I think this approach has merit as a general framework for hardware simulator-based unit testing and I intend to extend it and maybe even carve it out into a separate library in the future.
A Minimal Viable PET
Once I had a sufficiently working CPU, I started building the other pieces around it. I took the PET emulator from the VICE suite and commented out all the PIA and VIA code, replacing writes with nops and reads with hardcoded values, until I was able to boot it up with the stock ROM to get to the READY. prompt. Of course, since the PIA supplying the interrupt used for timing was removed by that point, I had no flashing cursor or keyboard input. All in all, the system got to a steady state in about 80,000 operations. (Since my implementation is not yet cyle-accurate, I had to switch to counting operations instead of cycles beyond this point. Every operation is at least as fast as on the real chip, so I hope by adding some wait cycles I'll be able to take care of this at some later point.)

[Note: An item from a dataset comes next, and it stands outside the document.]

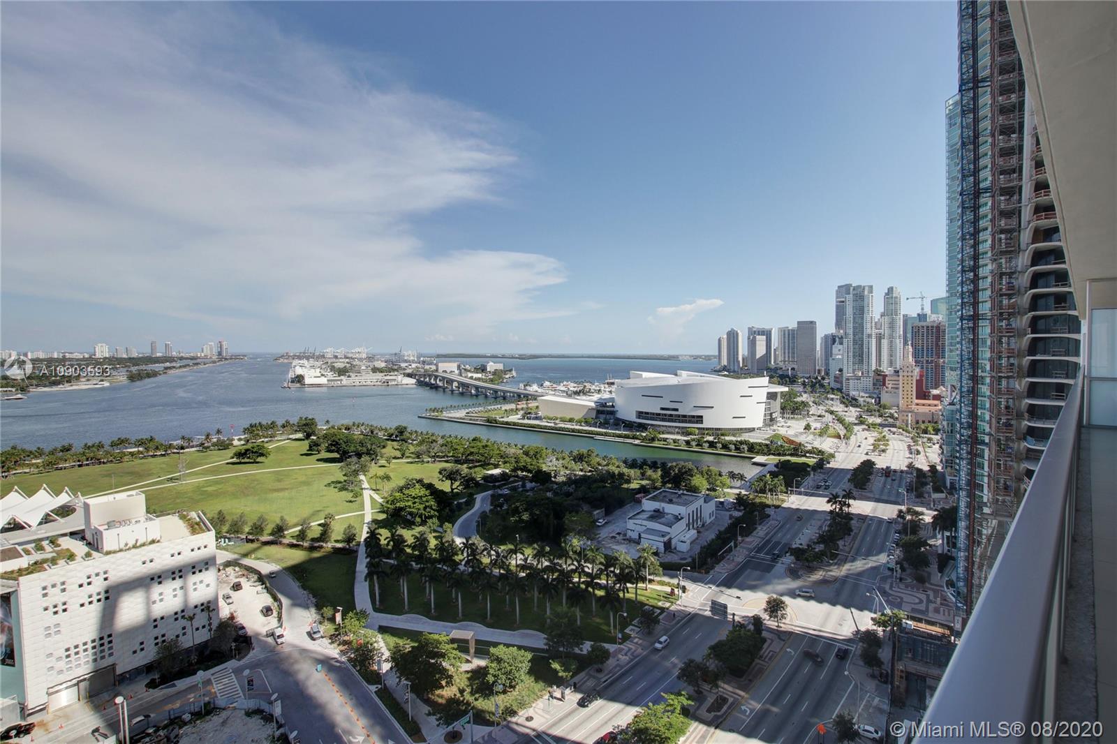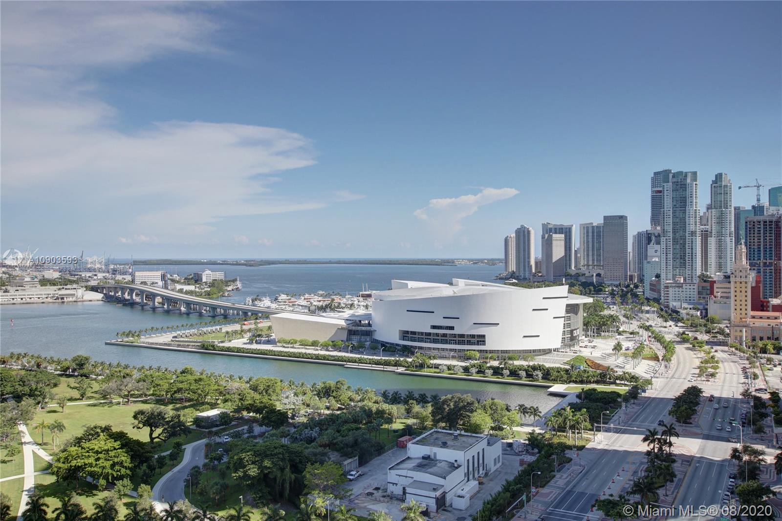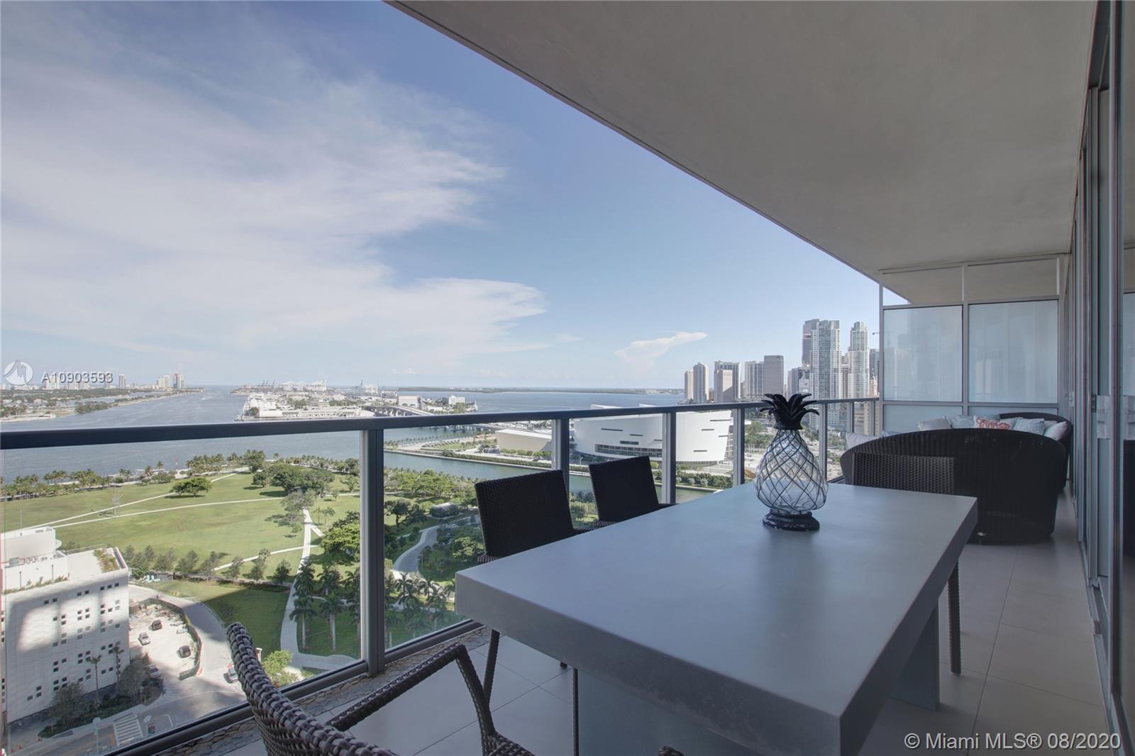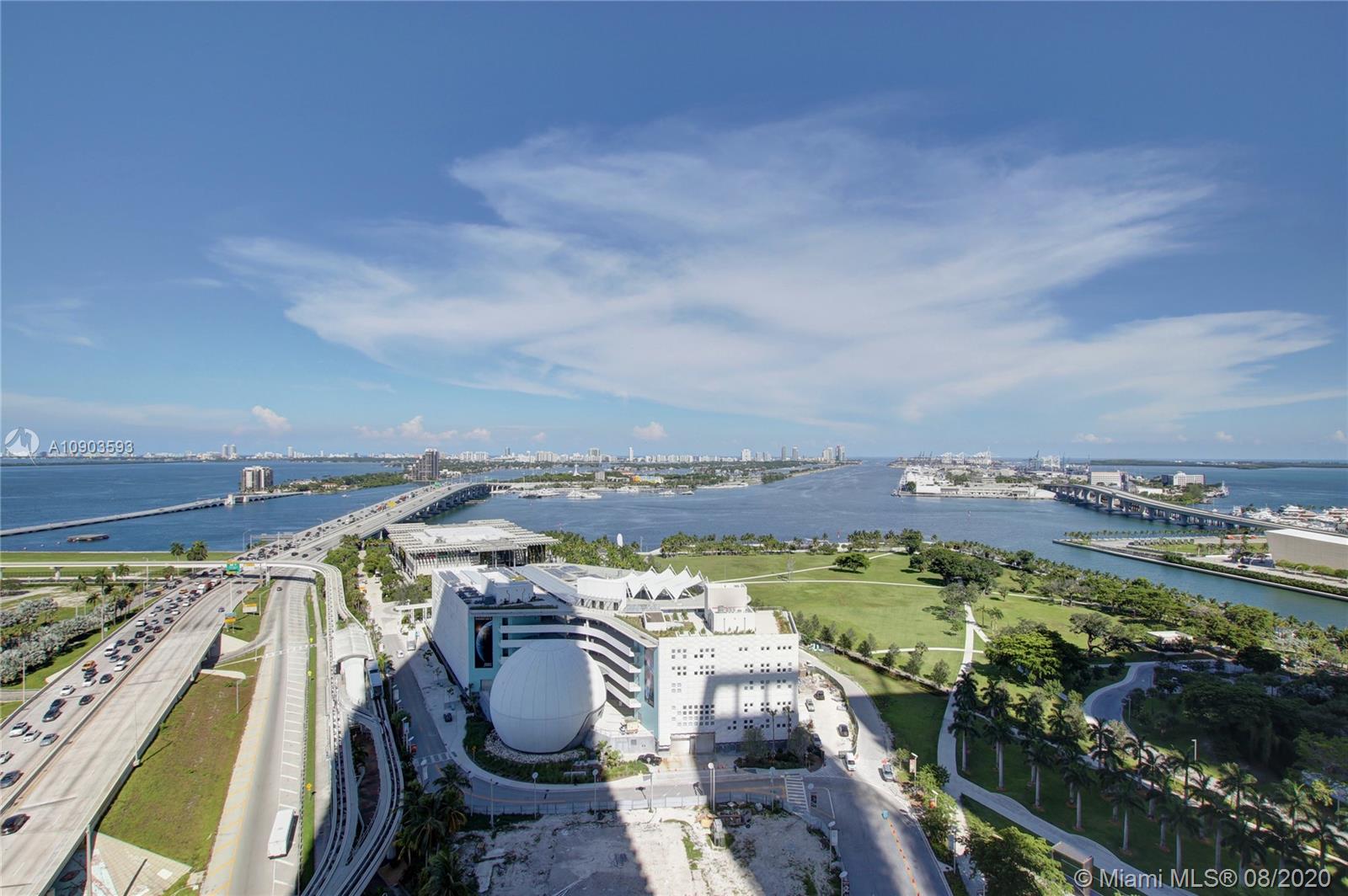 The only one of its kind in the fabulous Marquis Residence.Transitional elegance is personified in this unique Residence.Open floor plan,unobstructed 180' views of bay & ocean.10' ceilings throughout.Three bedrooms (2 master suites),impact-resistant glass door & windows;extra-thick,noise reducing partition walls;porcelain tile flooring,Creston Audio,drapes & lighting,security system,Ilnear diffusers,European Style kitchen (Viking appliances) & quartz countertops,custom built in bar,cove ceiling with fiber optic lighting,private elevator,bathroom with over-sized glass-enclosed showers;24/7 doorman, bellman, security, valet & concierge;smart-building technology;signature spa & fitness center,open-air sky pool deck (14th floor) with hot tubs.Many services are available in building.

After hooking up the same hardcoded values on the same addresses to the CPU, the next step was running the simulator and peeking at the video memory area ($8000..$8FFF on the PET), using the original fonts to render the screen. The initial version showed there might be someone home (sorry for crap quality on the screenshot):
By comparing detailed logs from running the emulator and the simulator, I was able to make observations like "the first 12,345 steps seem to be in agreement", which was a big boost to productivity, getting me, in short order, to this:
After fixing some more bugs in the arithmetic opcodes, I was finally rewarded by this sight:
Adding more components
While working on the CPU, I also started writing the character generator, on top of the VGA signal generator in the kansas-lava-papilio package that I originally made for the CHIP-8. This way, the VGA synchronization signals were abstracted away from me and I just had to take care of pumping out the actual pixels. This turned out to be tricker than I originally thought, since you have to time all read-aheads just right so that everything is at hand just in time for the next pixel. So before it finishes drawing the 8 pixels that make up a single row of a character, the next character index is loaded from RAM, and then the character ROM is consulted for the first row of the font image of the next indexed character. Initial versions were having some ghosting issues, or even more fun, full character transpositions (like showing the character from one line above in the first position of each line).
The Commodore PET diverts the vsync signal from the video generator to one of the PIA chips, which generates a CPU interrupt that can be acknowledged by reading from one of its memory-mapped registers. So the next obvious step was to implement this functionality to get the cursor blinking! This required more than just implementing a PIA, since I didn't even have interrupts in the CPU at that point.
But all that work was totally worth it:
And now, here we are
The current version supports keyboard input from PS/2 keyboards (but not all keys are mapped yet), so for the first time since I started working on this more than a month ago, it can be used to write and run BASIC programs!
What you can't see on the video below is that there's still a bug somewhere that causes the classic 10 PRINT "FOO": 20 GOTO 10 program to terminate with an out of memory error after some time.
Apart from fixing these bugs, the big outstanding feature is to add Datasette support so that programs can be loaded and saved to virtual "casettes". For a first version, I'll just burn some extra ROM onto the FPGA containing the tape images and hook that up to the PIA controlling the casette player; but I guess the proper way to do this would be to use something like an SD card reader to get proper persistent, read-writable storage. Or maybe, alternatively, have some kind of serial-over-USB communication with a computer acting as the Datasette unit.